Exercise instructions | Reproduce everything from the line that contains "Green woven napkin" down to the line that contains "Solid particle number" in the listing below, word for word and nothing more. Leave the pictures out.

Data excerpts |
══════════
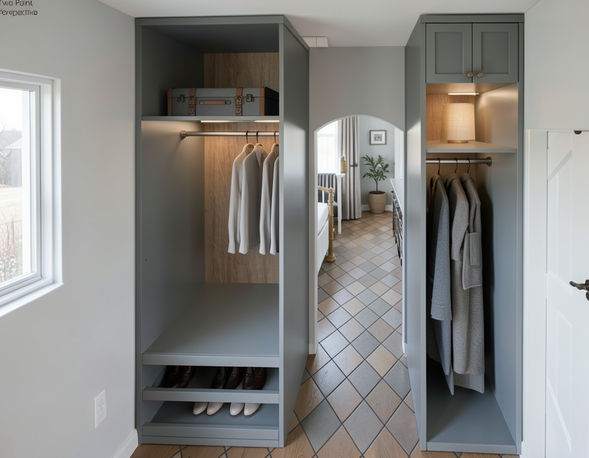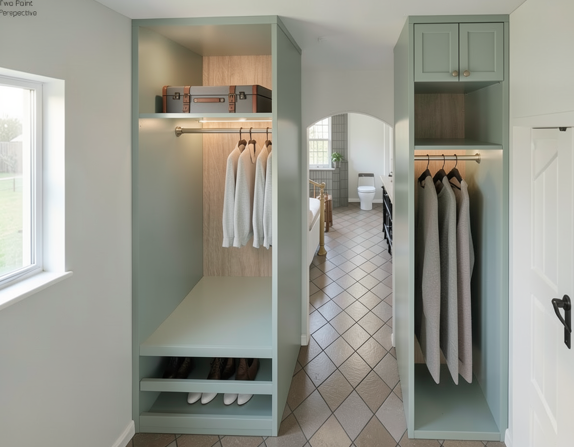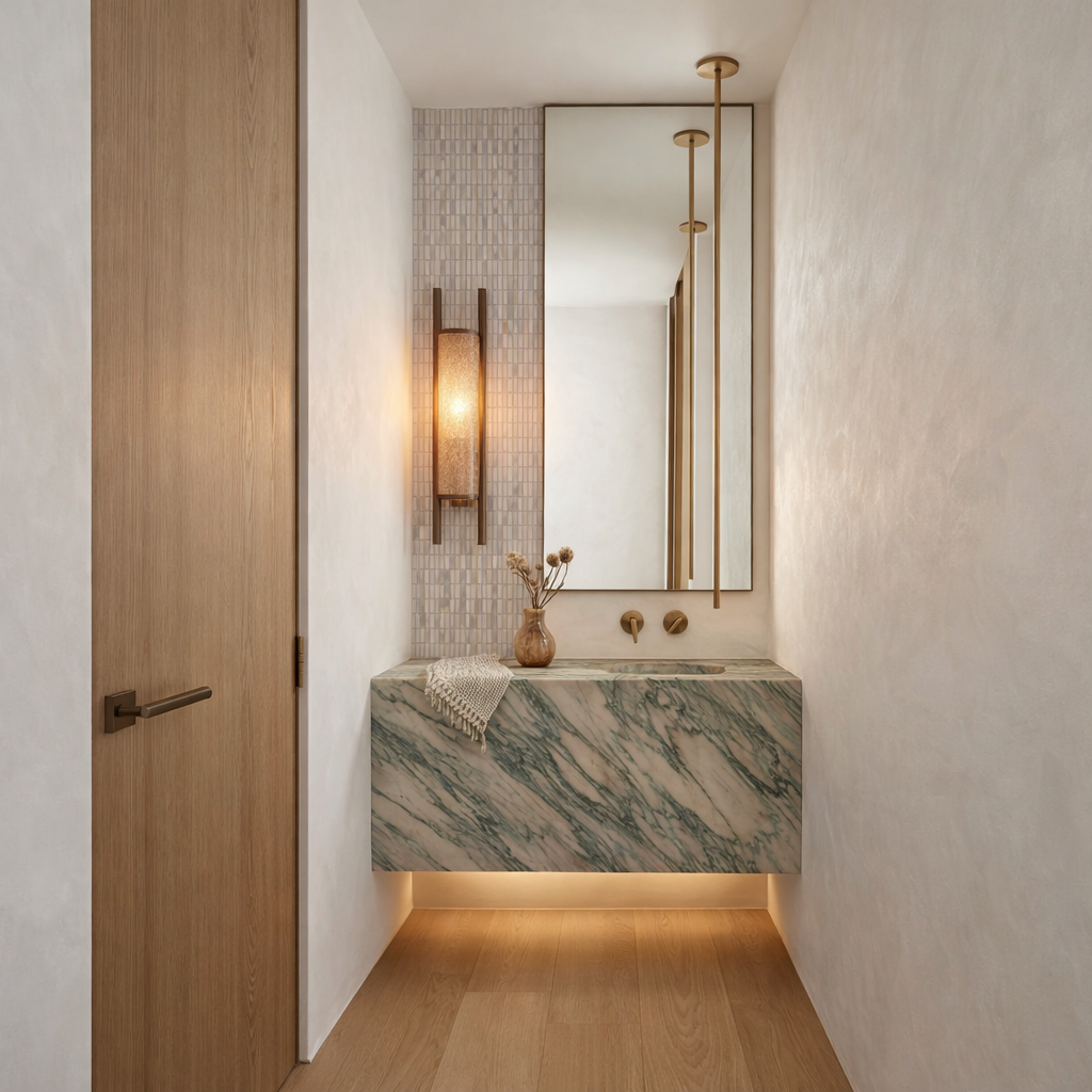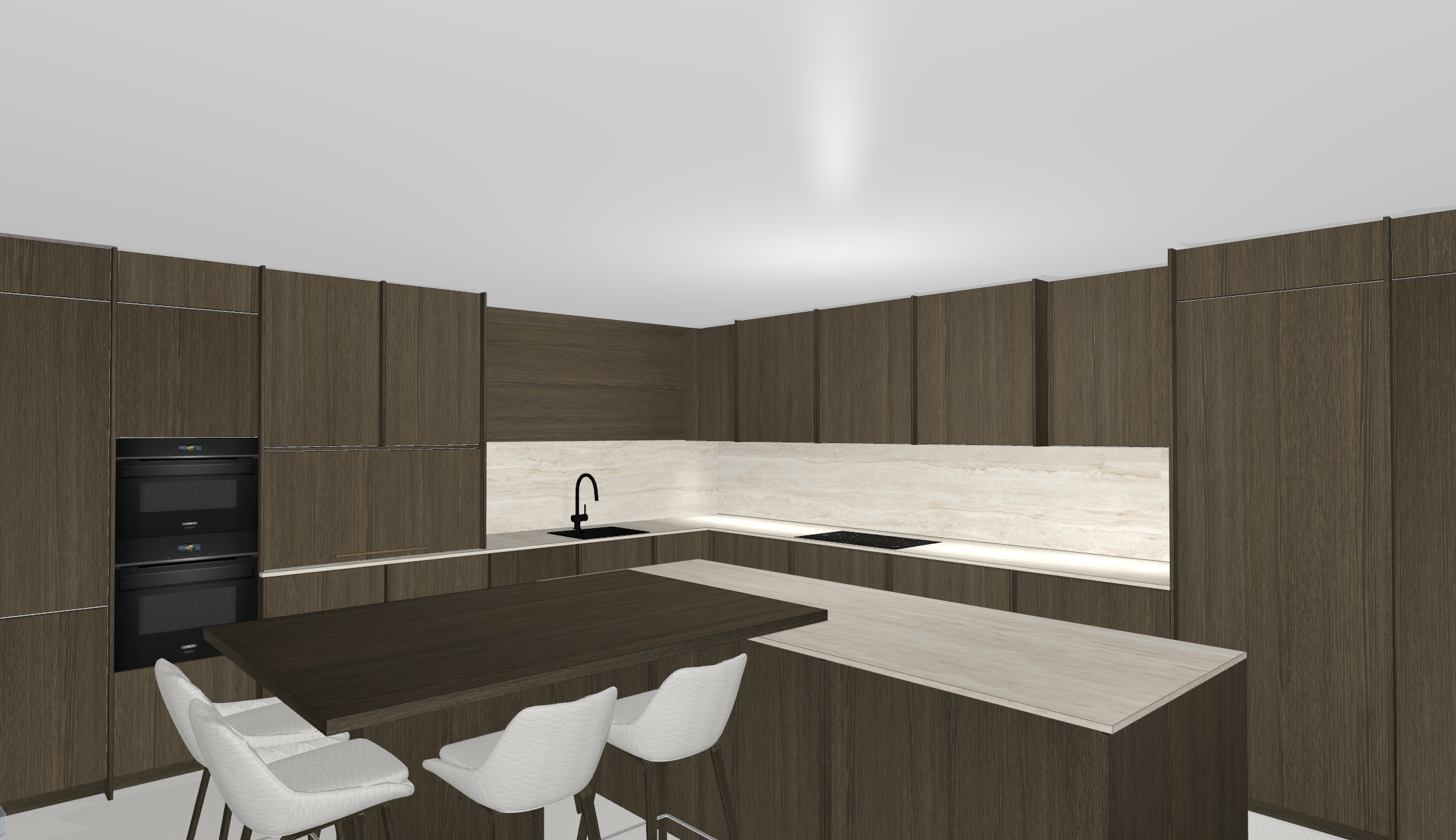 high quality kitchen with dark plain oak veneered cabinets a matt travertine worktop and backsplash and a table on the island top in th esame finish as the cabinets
══════════
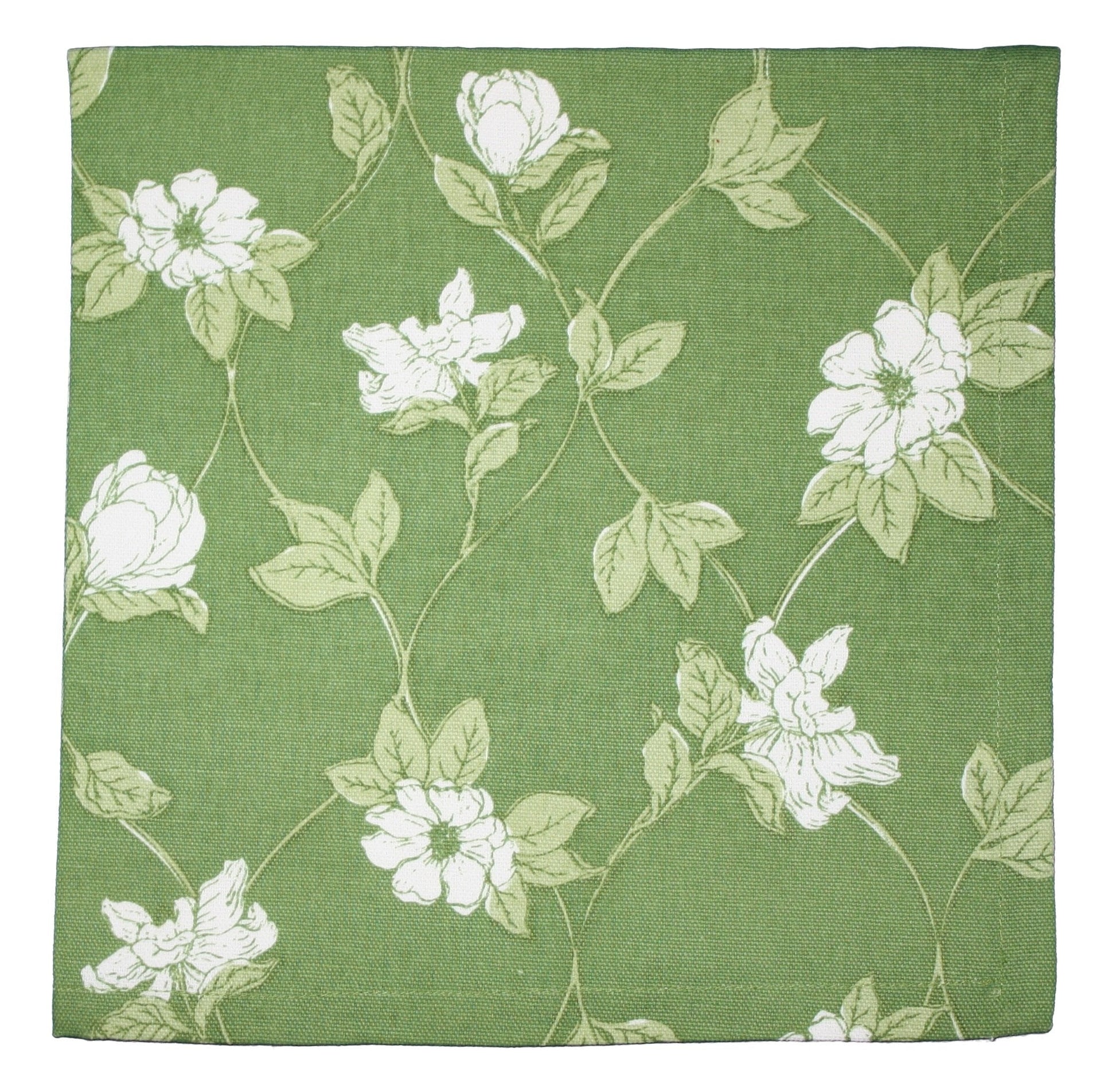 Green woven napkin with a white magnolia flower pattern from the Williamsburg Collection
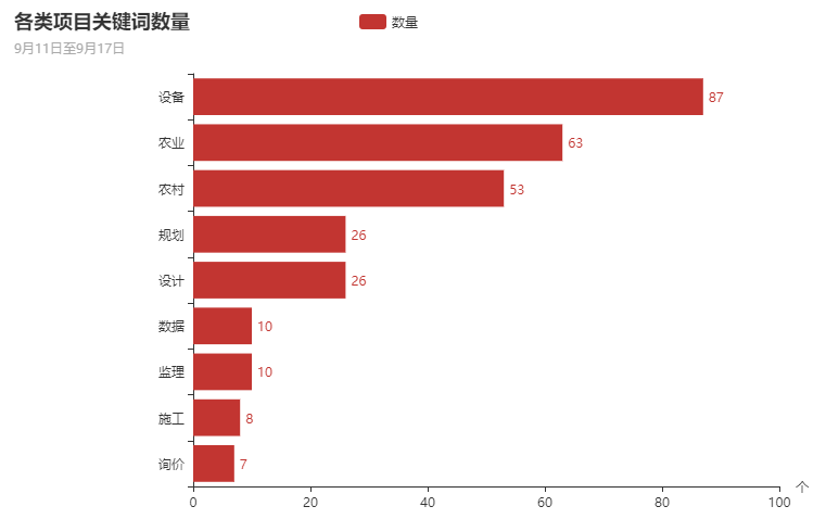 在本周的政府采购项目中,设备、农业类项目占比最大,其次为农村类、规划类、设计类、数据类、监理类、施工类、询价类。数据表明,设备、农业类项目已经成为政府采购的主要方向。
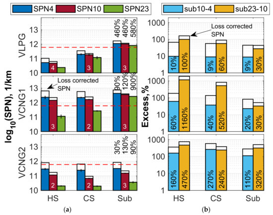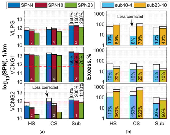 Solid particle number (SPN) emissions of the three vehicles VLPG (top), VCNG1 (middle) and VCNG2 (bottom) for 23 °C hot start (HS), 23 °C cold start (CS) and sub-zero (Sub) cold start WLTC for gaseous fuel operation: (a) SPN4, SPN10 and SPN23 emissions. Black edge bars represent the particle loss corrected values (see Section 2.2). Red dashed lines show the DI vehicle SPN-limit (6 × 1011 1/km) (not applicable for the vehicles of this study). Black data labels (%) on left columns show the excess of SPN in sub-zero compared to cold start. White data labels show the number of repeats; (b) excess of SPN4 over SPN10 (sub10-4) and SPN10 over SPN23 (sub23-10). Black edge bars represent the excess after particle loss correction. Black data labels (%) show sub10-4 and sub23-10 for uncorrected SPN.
══════════
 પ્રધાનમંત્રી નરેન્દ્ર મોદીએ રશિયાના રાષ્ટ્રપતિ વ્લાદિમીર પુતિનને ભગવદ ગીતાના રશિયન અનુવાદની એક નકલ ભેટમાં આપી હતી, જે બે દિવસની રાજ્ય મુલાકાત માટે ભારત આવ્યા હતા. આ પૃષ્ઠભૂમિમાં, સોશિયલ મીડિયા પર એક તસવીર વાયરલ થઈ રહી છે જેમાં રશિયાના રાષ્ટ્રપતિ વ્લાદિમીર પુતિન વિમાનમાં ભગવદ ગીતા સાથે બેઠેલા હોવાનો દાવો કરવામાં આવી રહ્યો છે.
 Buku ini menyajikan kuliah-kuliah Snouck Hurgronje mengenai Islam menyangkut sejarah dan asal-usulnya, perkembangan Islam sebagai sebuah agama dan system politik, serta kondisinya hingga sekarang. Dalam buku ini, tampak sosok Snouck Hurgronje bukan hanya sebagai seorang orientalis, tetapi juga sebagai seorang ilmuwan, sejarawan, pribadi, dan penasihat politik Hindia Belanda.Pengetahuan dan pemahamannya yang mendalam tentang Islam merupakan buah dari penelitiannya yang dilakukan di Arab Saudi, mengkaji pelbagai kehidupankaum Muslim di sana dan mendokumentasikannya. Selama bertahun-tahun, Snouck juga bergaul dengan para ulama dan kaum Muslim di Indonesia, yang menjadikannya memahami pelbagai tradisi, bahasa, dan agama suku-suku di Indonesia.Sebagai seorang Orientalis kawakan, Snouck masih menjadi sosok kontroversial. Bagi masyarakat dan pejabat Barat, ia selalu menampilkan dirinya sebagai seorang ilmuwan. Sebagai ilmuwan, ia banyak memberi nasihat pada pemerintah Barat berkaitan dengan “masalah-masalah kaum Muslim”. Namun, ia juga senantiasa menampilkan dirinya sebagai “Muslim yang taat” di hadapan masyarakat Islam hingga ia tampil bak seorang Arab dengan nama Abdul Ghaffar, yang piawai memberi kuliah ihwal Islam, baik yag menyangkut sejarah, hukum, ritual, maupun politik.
══════════
Answer box |
 Green woven napkin with a white magnolia flower pattern from the Williamsburg Collection
 在本周的政府采购项目中,设备、农业类项目占比最大,其次为农村类、规划类、设计类、数据类、监理类、施工类、询价类。数据表明,设备、农业类项目已经成为政府采购的主要方向。
 Solid particle number (SPN) emissions of the three vehicles VLPG (top), VCNG1 (middle) and VCNG2 (bottom) for 23 °C hot start (HS), 23 °C cold start (CS) and sub-zero (Sub) cold start WLTC for gaseous fuel operation: (a) SPN4, SPN10 and SPN23 emissions. Black edge bars represent the particle loss corrected values (see Section 2.2). Red dashed lines show the DI vehicle SPN-limit (6 × 1011 1/km) (not applicable for the vehicles of this study). Black data labels (%) on left columns show the excess of SPN in sub-zero compared to cold start. White data labels show the number of repeats; (b) excess of SPN4 over SPN10 (sub10-4) and SPN10 over SPN23 (sub23-10). Black edge bars represent the excess after particle loss correction. Black data labels (%) show sub10-4 and sub23-10 for uncorrected SPN.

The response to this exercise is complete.